There is also good news ahead for Dotfuscator Community users, who may be wondering when all these great features will be available for them to try. To learn even more, read our announcement blog: Dotfuscator 6.0 Beta: Entering The Next Era Of Dotfuscator. We expect the final release to be in April 2020.
You can read more about that in our recent blog article: Building on a Mac with Dotfuscator 6 in Azure DevOps.ĭotfuscator Professional 6 is currently in beta, but has a go-live license and is fully supported for production use.
In past guest blog posts I have done a full overview of Dotfuscator and deep dive into Xamarin.Android protection, but today I have something new to share with Xamarin developers.
By integrating Dotfuscator into their Xamarin builds, their applications get robust code obfuscation and runtime protections that help secure their valuable work.

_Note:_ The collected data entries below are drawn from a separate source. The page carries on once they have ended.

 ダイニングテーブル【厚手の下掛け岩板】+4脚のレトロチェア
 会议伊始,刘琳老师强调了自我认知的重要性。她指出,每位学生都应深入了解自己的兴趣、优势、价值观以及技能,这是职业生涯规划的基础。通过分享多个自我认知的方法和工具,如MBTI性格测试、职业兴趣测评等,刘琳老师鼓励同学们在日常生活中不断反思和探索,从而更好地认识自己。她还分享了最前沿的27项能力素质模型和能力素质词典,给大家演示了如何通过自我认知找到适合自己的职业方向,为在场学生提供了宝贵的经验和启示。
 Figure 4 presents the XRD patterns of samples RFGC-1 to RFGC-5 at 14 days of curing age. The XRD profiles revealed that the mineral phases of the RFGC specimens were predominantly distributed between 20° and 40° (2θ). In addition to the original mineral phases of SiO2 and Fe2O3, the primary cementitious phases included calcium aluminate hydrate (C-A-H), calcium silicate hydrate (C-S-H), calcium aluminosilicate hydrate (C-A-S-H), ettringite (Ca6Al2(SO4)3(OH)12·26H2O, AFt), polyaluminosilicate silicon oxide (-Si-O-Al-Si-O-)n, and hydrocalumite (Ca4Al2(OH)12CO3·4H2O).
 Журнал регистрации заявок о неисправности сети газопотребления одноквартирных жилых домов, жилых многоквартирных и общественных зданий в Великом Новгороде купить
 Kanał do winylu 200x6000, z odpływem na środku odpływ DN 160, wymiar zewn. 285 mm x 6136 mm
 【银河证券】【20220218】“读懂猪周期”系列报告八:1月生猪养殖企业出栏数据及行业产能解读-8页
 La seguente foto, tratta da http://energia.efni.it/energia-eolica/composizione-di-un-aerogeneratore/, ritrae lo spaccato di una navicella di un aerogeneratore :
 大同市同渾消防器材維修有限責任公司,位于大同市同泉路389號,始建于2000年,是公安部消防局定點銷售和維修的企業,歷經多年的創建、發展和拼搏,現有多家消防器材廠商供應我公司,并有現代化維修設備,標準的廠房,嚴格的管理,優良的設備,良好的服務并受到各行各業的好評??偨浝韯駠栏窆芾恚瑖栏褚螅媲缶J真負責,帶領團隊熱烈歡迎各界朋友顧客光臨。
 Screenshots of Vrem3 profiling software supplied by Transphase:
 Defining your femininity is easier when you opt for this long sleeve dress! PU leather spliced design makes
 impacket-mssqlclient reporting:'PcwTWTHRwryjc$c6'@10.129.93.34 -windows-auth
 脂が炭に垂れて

Xamarin developers all over the world use Dotfuscator every day to protect their applications from reverse-engineering and hacking. Bill is CTO and co-founder of PreEmptive Solutions, makers of Dotfuscator, DashO, and JSDefender application protection tools. NET Reflector? Get it answered on our forum.This is a guest blog by Bill Leach. NET Reflector VSPro, visit the Reflector website. You can now step through any third-party assemblies and legacy DLLs as if you wrote them, and use all the VS debugging techniques you would use on your own code.
Use Go to Decompiled Definition in your right-click context menu The call stack now comes alive double click on it to navigate to the source code, set breakpoints, and debug any. NET Reflector VSPro will immediately decompile those assemblies for you. Select the assemblies you want to debug, and. NET Reflector menu item and click on Choose Assemblies to Debug. NET Reflector VSPro into Visual Studio and open your project, then go to the.
NET Reflector into Visual Studio and the VS debugger Please ensure that you have a valid licence before upgrading to version 11.
NET Reflector VSPro lets you step into and debug any third-party code and assemblies, right inside Visual Studio, even if you don't have their source code.